**PROBLEM DETAILS**
Retype the opening lines of the listing below, ending with the line that contains "AUTHENTIC CHANEL TALL", and leave out any pictures.

**DATASET EXTRACT**
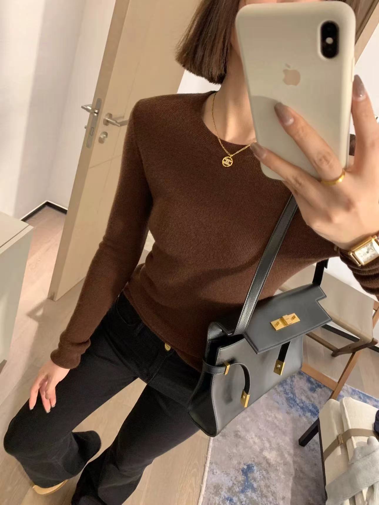 官价2800软妹币左右每年改一点点细节和颜色的东西哈 我真的第一次真心希望大家入手两个版型不同颜色换着穿 因为她就是很经典百搭的那种 基础毛衣满大街都有事 紧密的工艺属于老款 这种手法不沾身的才是真的好穿! 这个是需要你穿的过程中才可以体会到的 我觉得只要你收到 绝对会爱不释手的那种! 18针 毛衣说实话对机器要求挺高的 有那种说法 纱线越细越舒服 他家的纱线工厂都是赞不绝口 比较不亏我爱了这么多年 这个价格闭眼入手就行了哈~
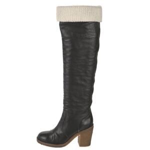 AUTHENTIC CHANEL TALL BLACK LEATHER AND WOOL RIDING BOOTS KNEE HIGH SIZE 6
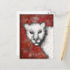 Spoted Leopard Says Hey presenta un leopardo blanco con manchas de taupe y ojos verdes sobre un fondo rojo texturado.
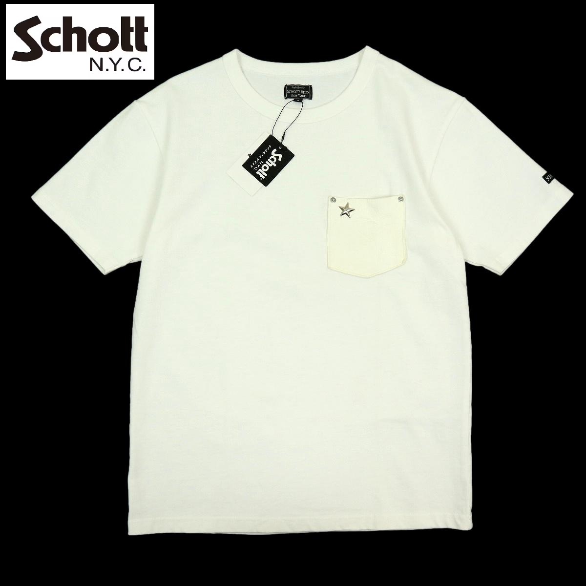 - 【B3460】【新品】SCHOTT ショット Tシャツ カットソー ワンスター ポケT 一部レザー使用 ワンスター 3193049-01 サイズS

**PROBLEM SOLUTION**
 官价2800软妹币左右每年改一点点细节和颜色的东西哈 我真的第一次真心希望大家入手两个版型不同颜色换着穿 因为她就是很经典百搭的那种 基础毛衣满大街都有事 紧密的工艺属于老款 这种手法不沾身的才是真的好穿! 这个是需要你穿的过程中才可以体会到的 我觉得只要你收到 绝对会爱不释手的那种! 18针 毛衣说实话对机器要求挺高的 有那种说法 纱线越细越舒服 他家的纱线工厂都是赞不绝口 比较不亏我爱了这么多年 这个价格闭眼入手就行了哈~
 AUTHENTIC CHANEL TALL BLACK LEATHER AND WOOL RIDING BOOTS KNEE HIGH SIZE 6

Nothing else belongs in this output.